Deep Learning Essentials : Key Concepts Before Diving Deep

Iftekhar AhmedFeb 17, 2024

Deep Learning is a vast field, and covering each topic in a single blog is not possible. The main premise of this blog is to introduce you to the key concepts of Deep Learning. This blog will cover (most of the) key concepts that you need to be familiar with while starting with Deep Learning. One thing to keep in mind, this blog will not go in-depth with the topics, consider this blog as a checklist to familiarize yourself with key Deep Learning concepts as you begin your journey. I also encourage you to delve deeper into the bold keywords throughout the blog.

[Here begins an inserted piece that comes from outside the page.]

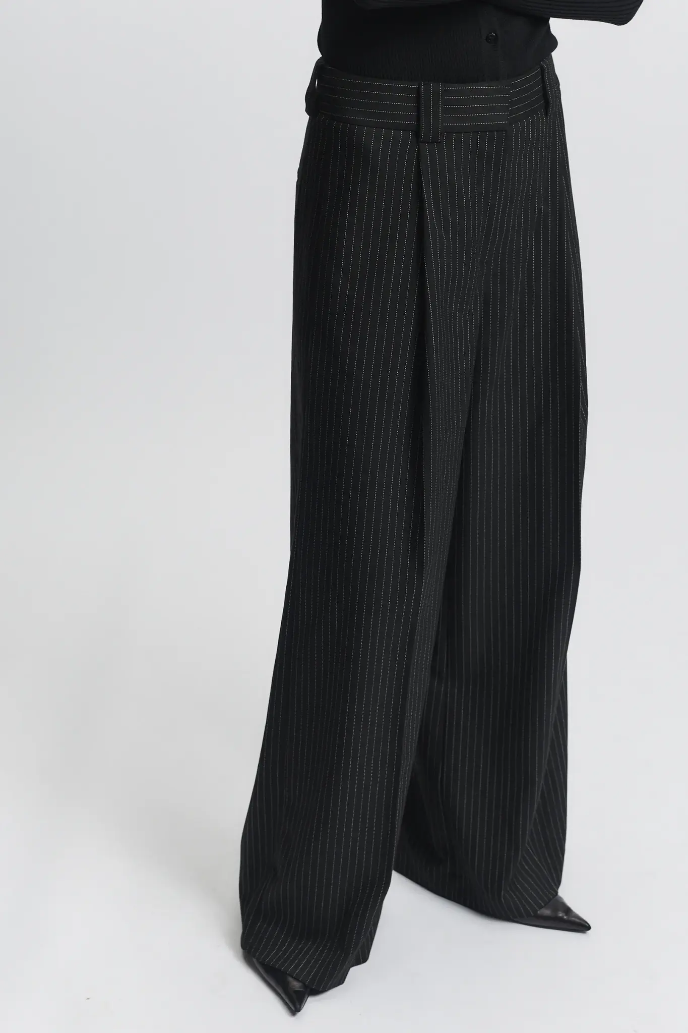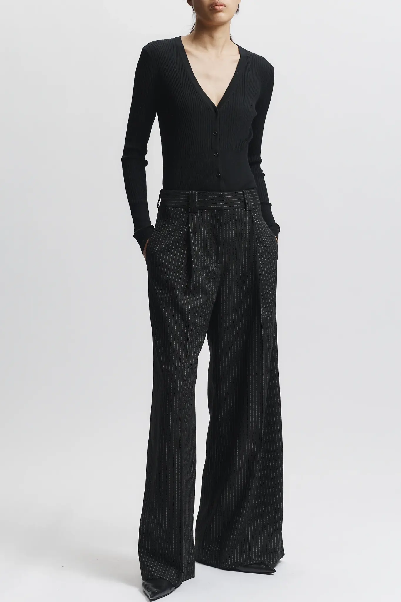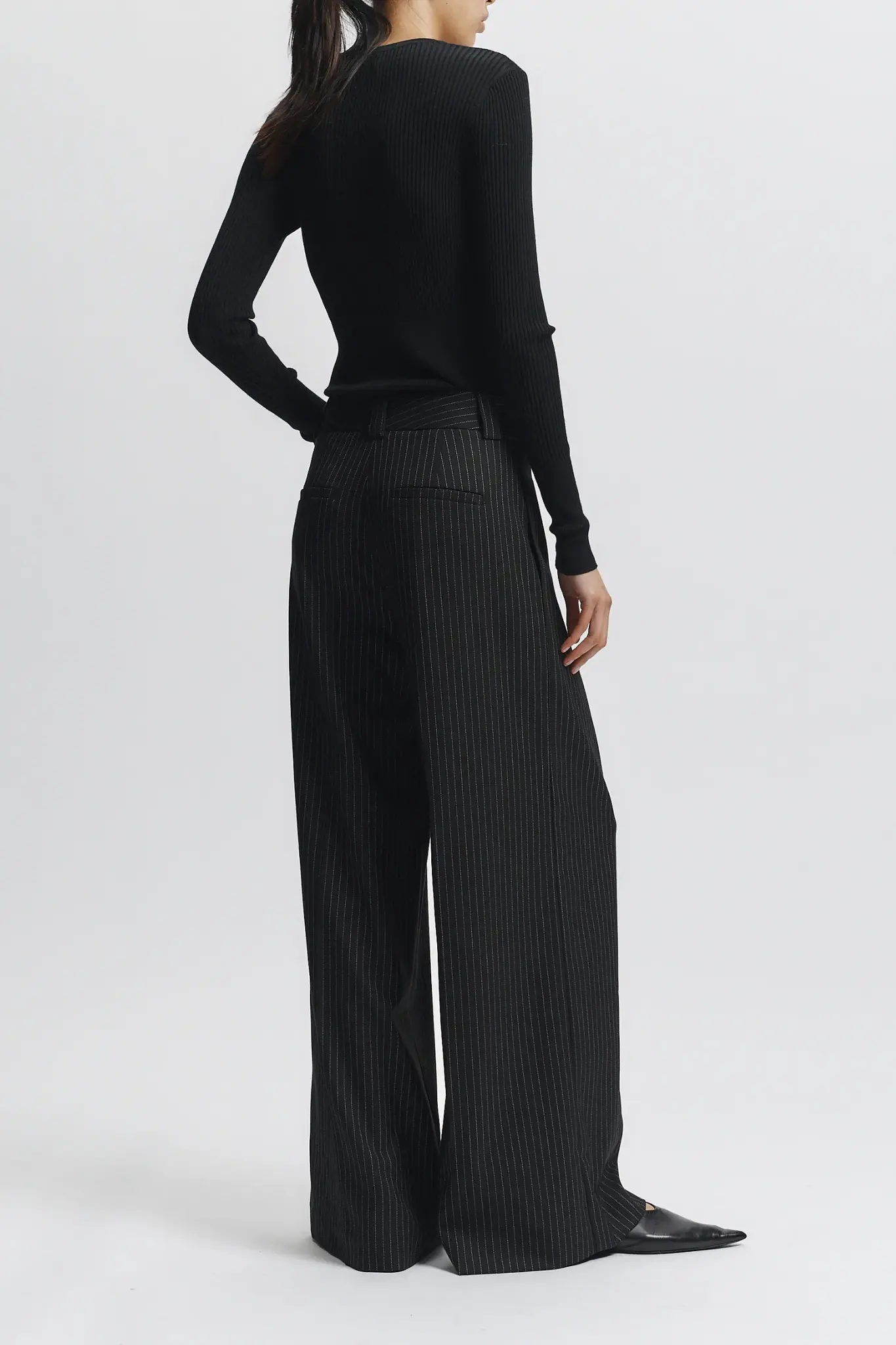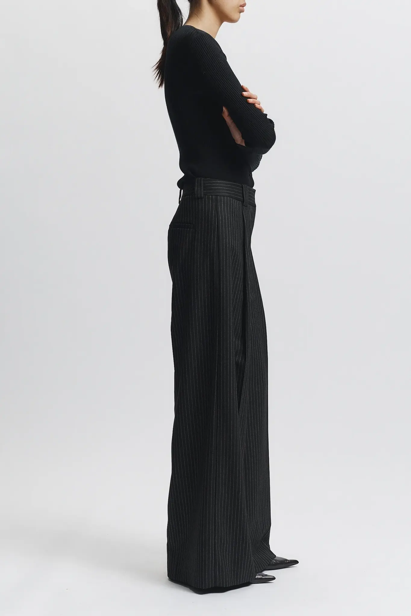 Elevate your wardrobe with the Tiffany Mid-Waisted Wideleg Trouser in charcoal pinstripe. Expertly tailored for a flattering mid-rise fit, these trousers feature a sophisticated wide-leg silhouette that balances comfort with a sharp, professional look.

This blog assumes you are familiar with general Machine Learning so, topics such as different types of learning, supervised, unsupervised, ground truth, feature, target, classification, and regression will not be discussed. This blog will only focus on deep learning concepts.

Mathematics

Linear Algebra

Vectors and matrices: Understanding operations such as addition, multiplication, and transpose.
Matrix multiplication: Including dot product, Hadamard product, and matrix-vector multiplication.
Determinants and inverses.
Eigenvalues and eigenvectors.
Singular Value Decomposition (SVD) and its applications.

Calculus

Differentiation and integration: Knowing how to compute derivatives and integrals.
Chain rule and partial derivatives: Crucial for understanding backpropagation, a fundamental algorithm in deep learning.
Statistical inference: Hypothesis testing, confidence intervals, and p-values.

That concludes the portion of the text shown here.